Qualitative methods will allow you to identify the nature of the problem. Using these methods, evaluators can usually determine the cause of any problem because they ask those most directly involved. Once armed with knowledge about the cause, program staff can usually correct problems before major damage is done, so the results can be more effective the next time.

Qualitative methods can be used for formative evaluation, e.g., to ask participants to describe the information presented to them, to ensure that a standard protocol was followed. Qualitative methods can also be used to describe short-term outcomes such as participant satisfaction with the program or its activities. Presentations of this type of information in the direct words of the participants can be particularly appealing.

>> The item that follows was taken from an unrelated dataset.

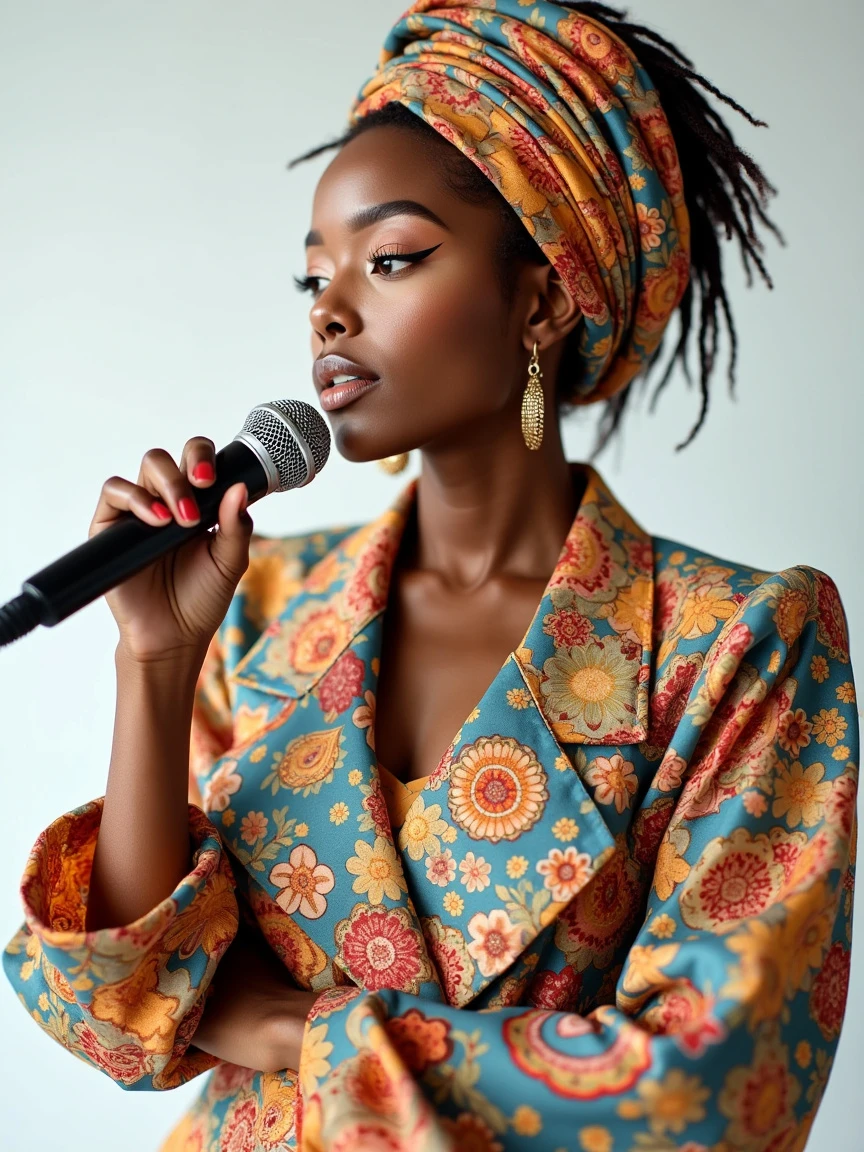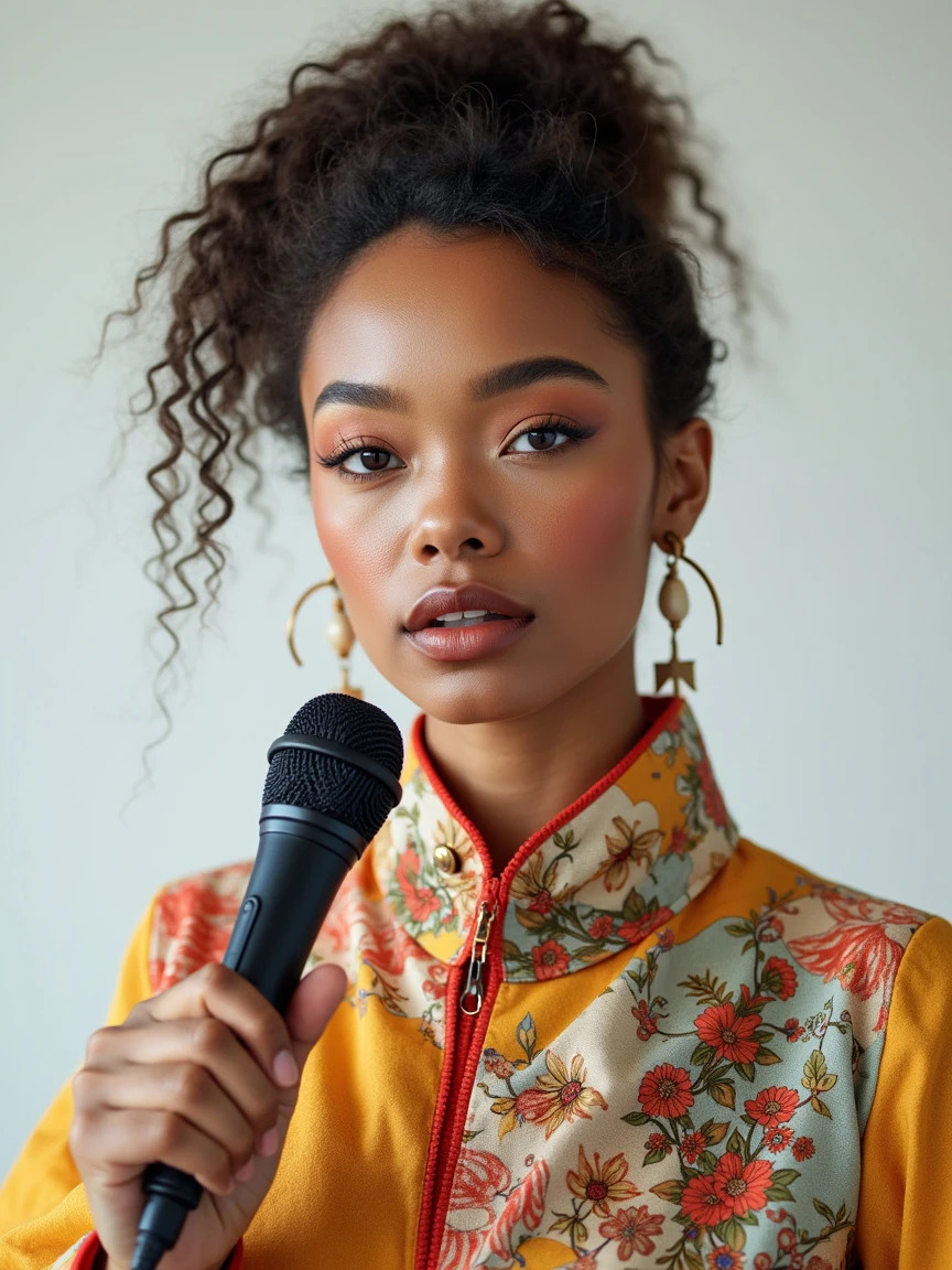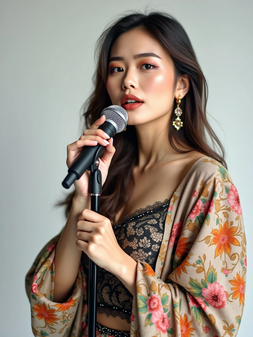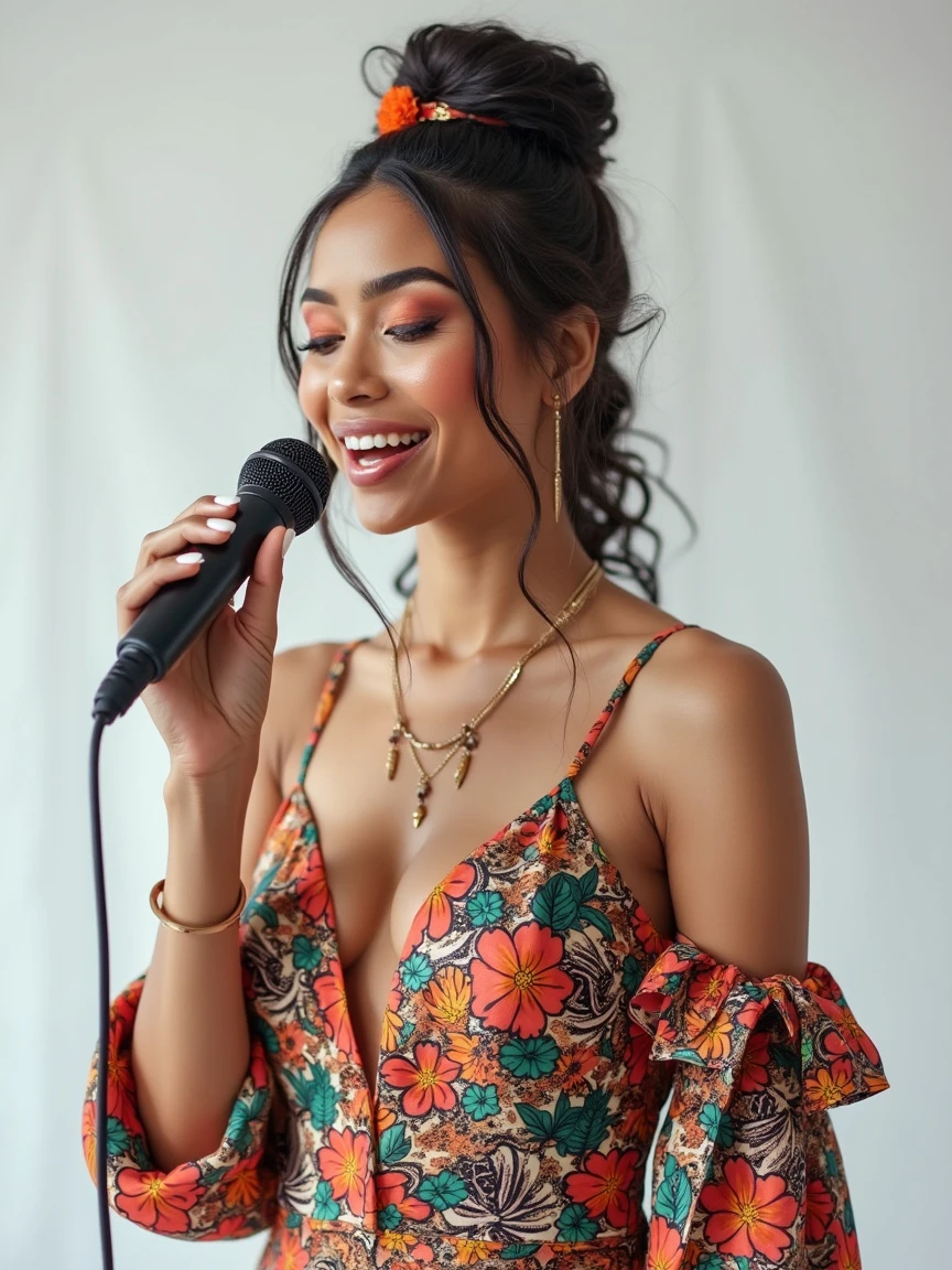 A beautiful woman, elegant, gentle, with textured skin, wearing colorful fashionable clothes, exquisite facial features, delicate makeup, meticulously crafted, holding a microphone singing, full body photo, panoramic view, high resolution, pure white background, professional photography, very detailed, lifelike, 8k

Some common ways to conduct qualitative evaluation include observations, interviews, and focus groups. For more about ways to conduct qualitative evaluations, visit The Power of Proof: Data Collection.

Quantitative Methods

Quantitative methods are ways of gathering objective data that can be expressed in numbers (e.g., a count of the people with whom a program had contact or the percentage reduction in a particular unhealthy behavior by the target population). Unlike the results produced by qualitative methods, under the right conditions results produced by quantitative methods can be used to draw conclusions about the entire target population. For example, suppose we conducted a school-based program designed to increase knowledge of the unhealthy effects of tobacco and skills for resisting peer pressure to use tobacco among minority youth. Suppose, too, that our evaluation found a 50% increase in their knowledge regarding the adverse effects of tobacco use. If the sample of minority youth included in the evaluation was representative of the target population of minority youth, then if the entire target population participated in the program we could assume their knowledge would increase by a value similar to 50% (within a “confidence interval”).

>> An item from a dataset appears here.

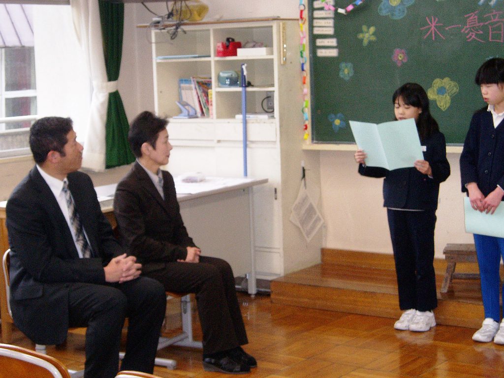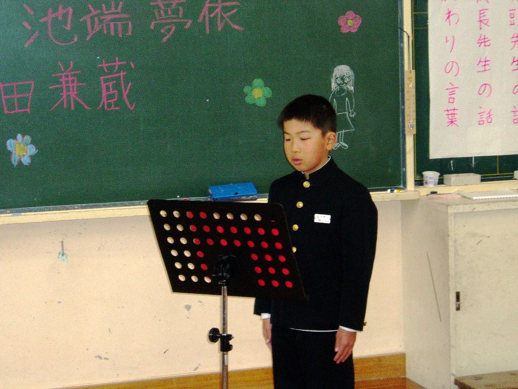 担任から、一人ひとりの通知表を見せてもらい、全員が良く頑張ったことを嬉しく思うことや、読書ノートで400冊以上読んだベスト3の子の紹介や、校報「三木の子」を1年間配達してくれた子への感謝等を伝えました。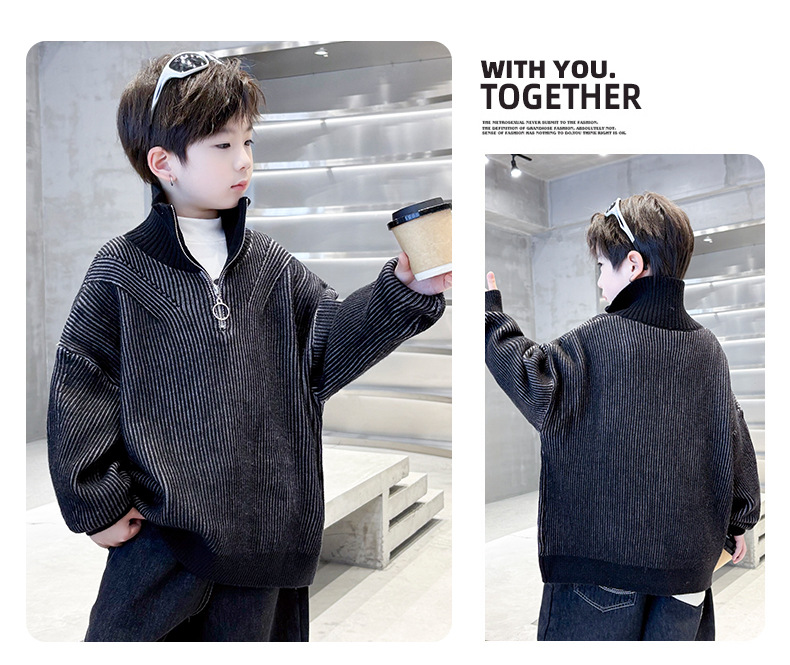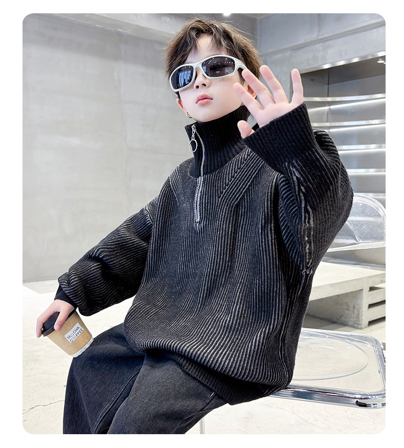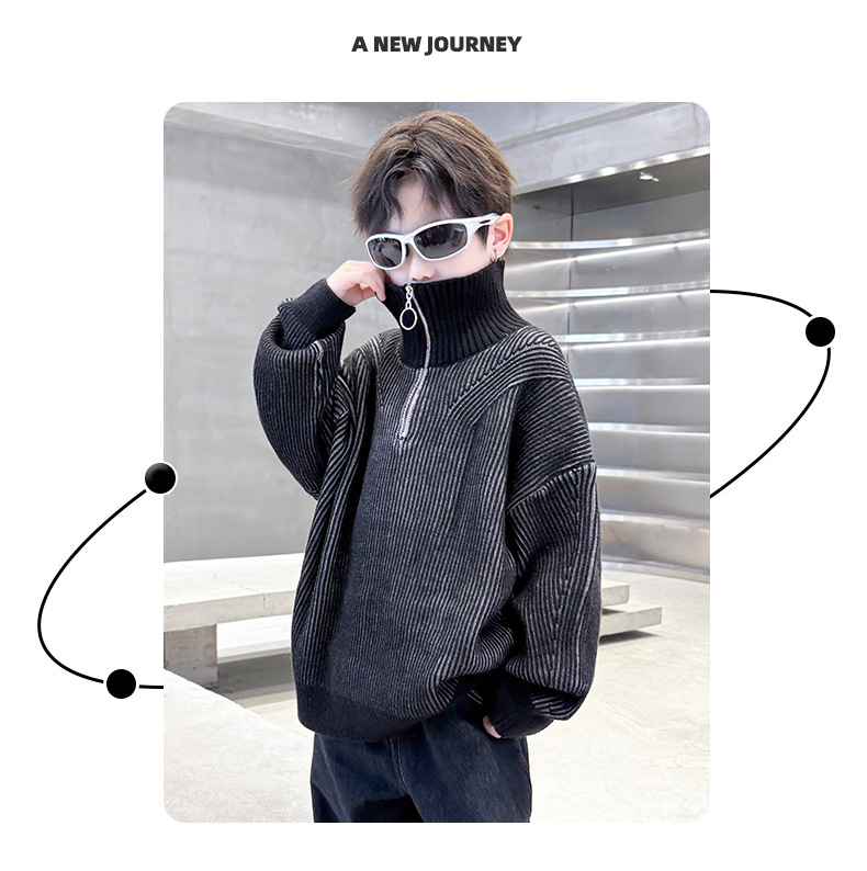 남아용 스웨터 가을 겨울 2025 신상 아동 겨울옷 하이넥 니트웨어 큰 남자아이 겨울 이너웨어 스타일리시스토어 가기

Quantitative methods are used during process and short- and long-term outcome evaluation. Occasionally, these methods are also used during formative evaluation to measure, for example, the level of participant satisfaction with the program.

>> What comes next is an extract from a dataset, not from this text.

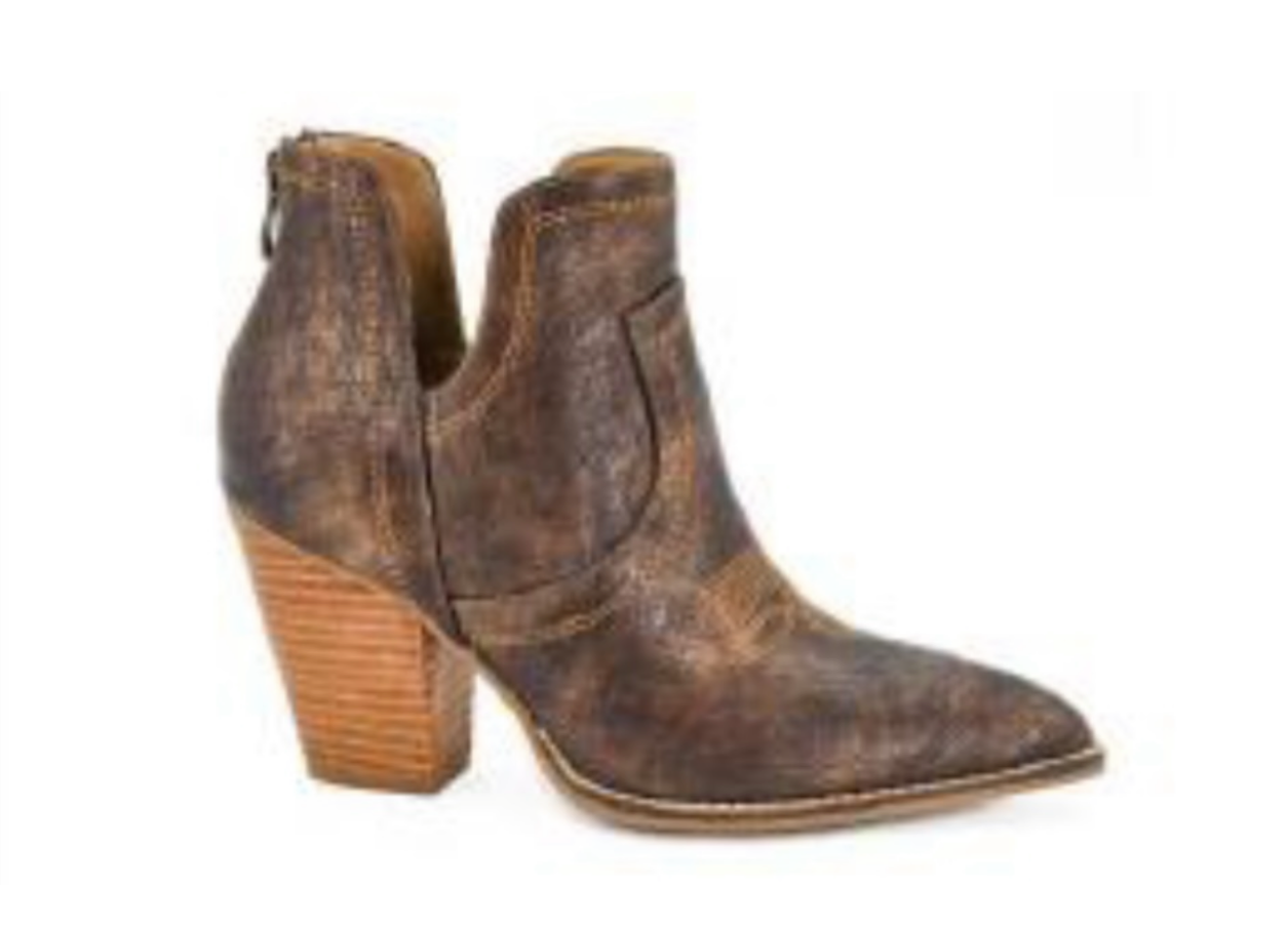 Make a statement in this rich plum western bootie with a sleek, distressed shine. The perfect blend of bold and chic, this standout shoe instantly elevates any look—from denim to dresses.

There are four types of quantitative designs: descriptive, pre-experimental, experimental, and quasi-experimental2. Click on each for more information:

Descriptive Designs

Descriptive designs are typically used for formative or process evaluations. These designs include only people from the target population who are eligible to participate in some part of the program. As in a case study, the purpose is to describe some attribute of the target population members, e.g., their attitudes toward each of three public service announcements, their attendance at program sessions, or their willingness to meet with program personnel. Descriptive designs might also include some analytic comparisons within the target population. Such comparisons might be made among specific subsets of participants, for example, Do female participants prefer a different announcement than male participants? Do older participants attend more frequently than younger participants?

Back to four types of quantitative design

Pre-experimental Designs

Pre-experimental designs can document whether changes are present in the group that receives the program, but they do not have the power of proof. In order to prove a program’s effectiveness, the evaluation must show evidence that the program is the only possible explanation for the results that are achieved.

Let’s consider a program that was designed to educate state legislators and their staff about the benefits of clean indoor air. Program staff mailed literature to the legislators and their staff, and then visited them in person to answer questions. There are two pre-experimental designs that might commonly be used to assess the effect of such a program.

One pre-experimental design would be to measure the legislators’ and staff’s knowledge about the issue before the program performed their mailings and visits, and then to measure it again after the visits were completed. This is sometimes called a “pretest-posttest design”. The problem with this design is that, even if there is a dramatic increase in knowledge, it may not be the result of the program. While the program was going on, another program may have contacted the legislators, as well. Likewise, they may have read a newspaper article, found a website, or seen a television special about clean indoor air.

Another pre-experimental design would be to wait until after the mailings and visits took place, and then measure knowledge in legislators and staff who participated in the program and in legislators and staff who did not. Once again, using this design, even if those who participated in the program have much higher levels of knowledge than those who did not, it may not be the result of the program. For example, the legislators who read the materials and agreed to be visited might be those with an interest in clean indoor air. As a result, even before contact with the program, they may have known more about this subject than the other legislators.

In general, the strongest designs have the elements of both of these pre-experimental designs, that is, they have both a pre-program assessment and a comparison group.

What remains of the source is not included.